Data to use START

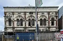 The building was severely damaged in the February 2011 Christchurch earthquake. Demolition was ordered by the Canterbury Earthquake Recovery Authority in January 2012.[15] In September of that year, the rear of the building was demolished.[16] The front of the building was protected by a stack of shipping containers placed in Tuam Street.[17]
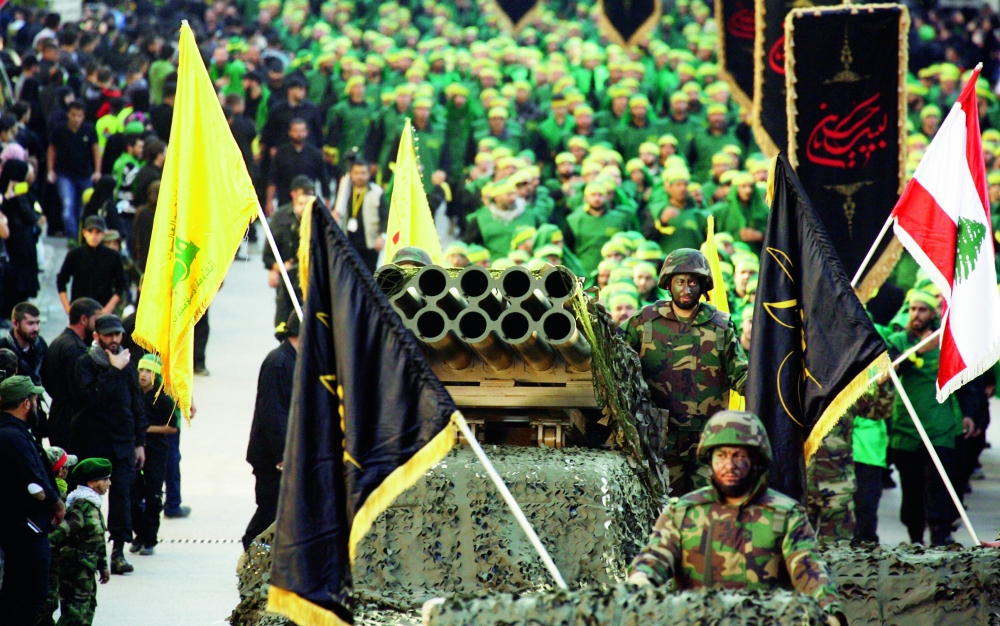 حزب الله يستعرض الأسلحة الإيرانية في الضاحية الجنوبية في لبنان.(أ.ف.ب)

Data to use END
Data to use START

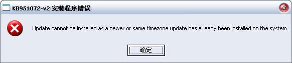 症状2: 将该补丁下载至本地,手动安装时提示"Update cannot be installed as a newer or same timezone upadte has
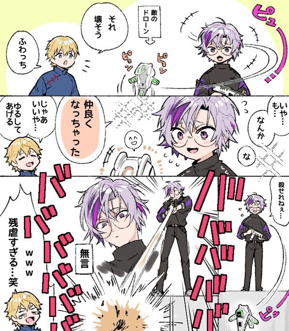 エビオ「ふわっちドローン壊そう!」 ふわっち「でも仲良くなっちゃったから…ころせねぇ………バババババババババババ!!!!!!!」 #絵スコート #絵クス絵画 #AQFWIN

Data to use END

### Problem details
Take the entries above and copy exactly the lines starting at the one with "The building was severely" and ending at the one with "حزب الله يستعرض"; nothing outside that span, and no pictures.

### Output of the task
 The building was severely damaged in the February 2011 Christchurch earthquake. Demolition was ordered by the Canterbury Earthquake Recovery Authority in January 2012.[15] In September of that year, the rear of the building was demolished.[16] The front of the building was protected by a stack of shipping containers placed in Tuam Street.[17]
 حزب الله يستعرض الأسلحة الإيرانية في الضاحية الجنوبية في لبنان.(أ.ف.ب)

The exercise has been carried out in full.